• Tidak ada hasil yang ditemukan

Sejarah Konflik Pengelolaan Sumber Daya Hutan

Konflik kehutanan di kawasan Desa Kalimendong terjadi pada awal runtuhnya era Orde Baru pada tahun 1998. Konflik pada saat itu adalah banyaknya kasus penjarahan hutan yang dilakukan oleh oknum-oknum yang berasal dari Desa Kalimendong dan juga yang berasal dari luar Desa Kalimendong. Salah satu kasus yang terjadi adalah pada tahun 1998 terjadi penangkapan penjarahan kayu oleh pihak Perhutani, penangkapan tersebut dapat dilakukan karena adanya laporan dari masyarakat Desa Kalimendong yang melihat adanya kejadian penjarahan kayu di lahan hutan milik negara. Pada kejadian tersebut Perhutani menangkap sembilan (9) orang tersangka, salah satunya adalah warga Desa Kalimendong, warga tersebut adalah sebagai otak pelaku penjarahan hutan, selain itu Perhutani juga melakukan penyitaan barang bukti kayu pinus. Kemudian Perhutani bersama masyarakat melakukan perundingan terkait tindak lanjut dari penangkapan sembilan (9) tersangka ini, maka kemudian diputuskan hukuman denda yang kemudian uang denda tersebut akan dipergunakan untuk pembangunan masjid dan para tersangka tersebut diusir dari Desa Kalimendong. Banyaknya kasus penjarahan hutan pada masa itu kemudian menyebabkan lahan hutan negara mengalami kerusakan yang sangat parah, selain itu Perhutani juga selalu mencurigai masyarakat Kalimendong, sebagai pelaku penjarahan kayu di lahan negara. Hal tersebut dituturkan oleh Ketua LMDH Rimba Mulya bapak NS (42 tahun).

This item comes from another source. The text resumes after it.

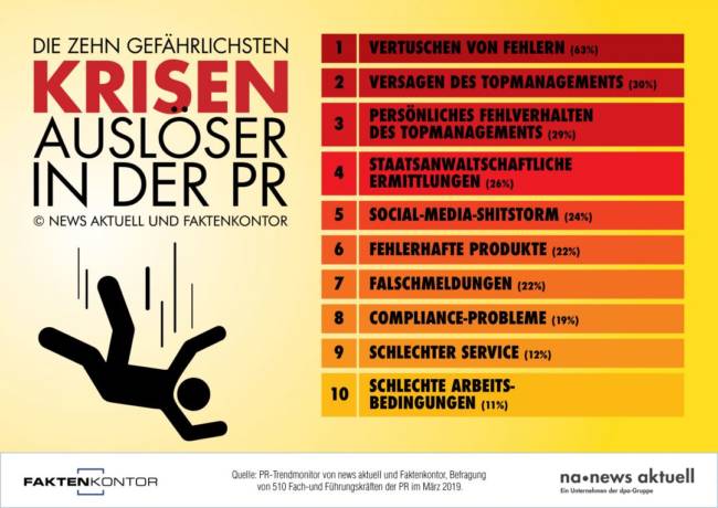 Was sind aus Sicht der PR-Profis die gefährlichsten Krisenauslöser für Unternehmen? An erster Stelle steht das Vertuschen von Fehlern mit 63 Prozent. Weit danach erst folgen Versagen des Topmanagements und persönliche Fehler des Topmanagements. Diese Ursachen sind klar selbst verschuldet, ordnen die Urheber dieser Umfrage – News aktuell und die Kommunikationsagentur Faktenkontor mit einem Trendmonitor, für den 510 Fach und Führungskräfte der PR befragt werden – ein.

“Awal mula terjadi yaitu kasus pencurian kayu di hutan negara yang dilakukan oleh 9 orang yang berasal dari Temanggung, salah seorang warga mendengar bunyi mesin chainsaw para pelaku ketika melakukan aksi penebangan liar, kemudian warga mengumumkan kejadian tersebut dengan mengggunakan pengeras suara masjid, warga kemudian berkumpul dan berinisiatif menangkap pelaku tersebut bersama pihak Perhutani, ternyata otak pelaku pencurian tersebut adalah oknum yang berasal dari Desa Kalimendong. Serta kasus-kasus pencurian kayu yang terjadi pada tahun- tahun selanjutnya. Akibatnya Perhutani menganggap bahwa masyarakat Kalimendong adalah pelaku pencurian kayu di hutan milik negara, sehingga terjadi konflik antara masyarakat dengan Perhutani, kita berdua saling mencurigai. Konflik terjadi akibat kurangnya komunikasi antara masyarakat dan Perhutani dan akibat ga adanya mekanisme khusus yang mengatur pengelolaan hutan negara di wilayah administratif Desa Kalimendong. Konflik bermula pada tahun 1998 hingga tahun 2004 sampai akhirnya diterapkannya program PHBM oleh Perhutani pada tahun 2001”.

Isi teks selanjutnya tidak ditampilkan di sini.